NEWS

Venerdì 20 ottobre 2006 12:02 Incontro continentale di popoli e nazioni indigene di Abya Yala

Se acabó el resistir por resistir, llegó nuestro tiempo!

I popoli indigeni Abya Yala (ribattezzata dagli europei America) si sono ritrovati a La Paz per ricordare i 514 anni di oppressione ed avanzare nel processo di liberazione del continente.
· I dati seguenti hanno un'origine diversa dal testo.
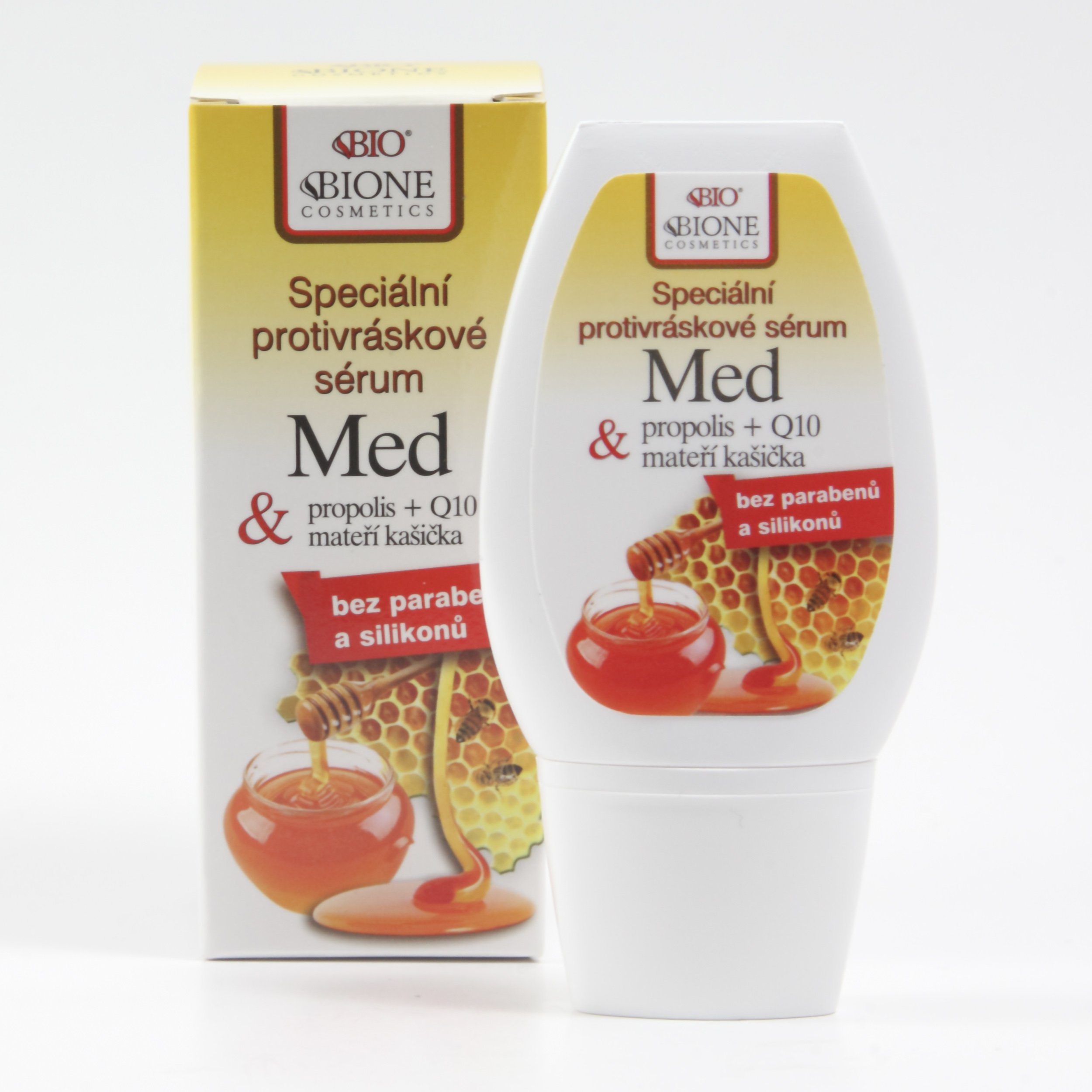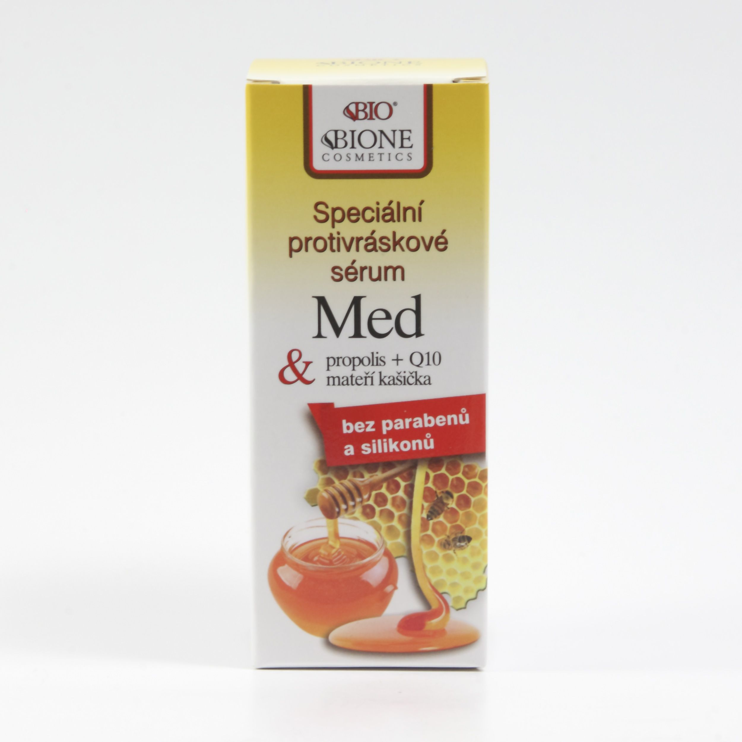 Složení: koenzym Q10 (0,1%), karnosin, lipoamin, med, propolis, nikotinamid, panthenol, glycerin, inositol, tokoferol, bambucké máslo, mateří kašička

Dal cuore dell’America del sud, nella terra boliviana di Bartolina Sisa e Tupak Katari, il 12 ottobre di questo anno, noi delegati e delegate dei popoli originari, indigeni del Abya Yala, riuniti nell’Incontro Continentale dei Popoli e delle Nazioni Indigene del Abya Yala a La Paz, facciamo sentire la nostra voce.

Nel nuovo scenario che si prospetta per il Pachakuti, in questi tempi di culminazione del Quinto Sole, arriverà presto il giorno in cui finirà la paura, l’odio e il materialismo nei quali viviamo e che ci fanno soffrire. In questo giorno l’umanità come specie che minaccia di distruggere il pianeta si evolverà fino all’integrazione armonica con tutto l’universo, capendo che tutto è vivo e cosciente, che siamo parte di questo tutto e che risorgeremo in una nuova era di luce.

Dopo 514 anni di oppressione e dominazione, noi siamo ancora qui, non sono riusciti ad eliminarci. Abbiamo resistito alle politiche di invasione, distruzione e saccheggio, chiamate oggi "neoliberismo", che ci impongono l’estrazione delle nostre risorse naturali a beneficio delle imprese multinazionali, causando impatti sociali, economici e culturali devastanti per lo stile di vita dei nostri popoli originari, ma anche per tutta l’umanità e per madre natura.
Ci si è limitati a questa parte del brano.